Опера зашли в дом, поднялись на второй этаж. и сели на подоконник.
– Ну, и сколько мы тут торчать будем?
– Не знаю, – зло пробурчал Вовчик.
– Мой личный рекорд сидения на мусорном бачке в подъезде составляет двенадцать часов. Жаль, этот вид спорта не включен в Олимпийские игрища. Надо будет мэру закинуть удочку, у него ж в МОКе все схвачено. Пускай будет. Я стану Олимпийским чемпионом. Представляешь, попьем?
– Где это ты такие рекорды ставил?
– Еще в своем отделе. Тоже приехали в адрес к одному черному. У того двери бронированные, не очень-то выломаешь. Позвонились, он дома. «Давай, друг, открывай, милиция».
В принципе, он нам как свидетель был нужен. Правда, как важный свидетель. Но черные, сам знаешь, не очень разговорчивая публика, кроме «Мамой клянусь», ничего не выудишь. Ну, и этот давай выпендриваться. Ничего, мол, не знаю, двери не открою, боюсь, приходите утром. Часов в восемь. Что делать? Придем утром, он, естественно, не откроет, а потом насвистит, что ушел за пять минут до нас, хитрожопый.
Ну, ладно, думаем, обезьяна, ты – хитростью, а мы – упорством. Решили ждать, рисковать нельзя было. Телефончик ему, как водится, ножичком отключили и в почетный караул засели. Подъезд типа как здесь, не лучший вариант для засады. Кроме мусорного бачка никакой мебели. БОМЖи внизу, в подвале, жили, но мы к ним не пошли, они б за ночлег денег сняли немеряно.

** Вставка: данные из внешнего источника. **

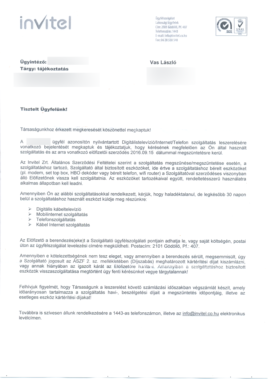 Az Invitel által számomra kiküldött hivatalos tájékoztatás a leszerelésről I.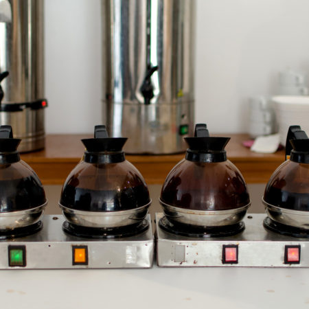 • Freshly ground filtered coffee served with sugar and milk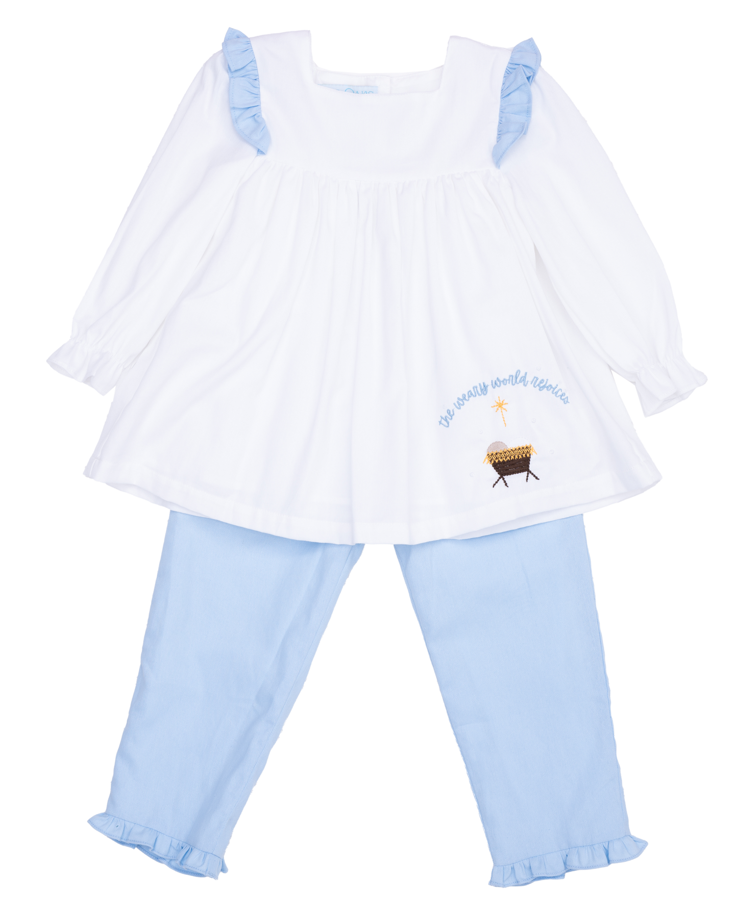 Celebrate the season in the sweetest style with the Patsy Nativity Blue LS Pant Set. Crafted from soft light cord fabric, this playful outfit features charming the weary world was sleeping embroidery that adds a classic Holiday touch. Perfect for Christmas Sunday at church and all of the season's festivities.

Короче, до утра на одном бачке сидели, в цивильных костюмах. Перематюкались, злые, как собаки, в восемь звоним. Кукиш! Не открывает, притаился где-то в сортире, гадина.
С нами Серега Панкратов был, резкий парень, больше всех страдал. Прикидываем, как быть. Напротив пожарная часть. У черного четвертый этаж. Панкратов побежал договариваться.
Где-то через полчасика черный, довольный и гордый тем, что провел ментов, как детей, подходит к окошку с чашечкой кофе и сигаретой и видит неожиданную картинку.
Прямо к его окну приставлена пожарная лестница, и по этой лестнице ползет очаровательный парнишка с очумевшим личиком, что-то там говорящий на национальном диалекте и грозящий пальчиком, а если точнее, кулачком. А окошечки-то у нас не бронированные.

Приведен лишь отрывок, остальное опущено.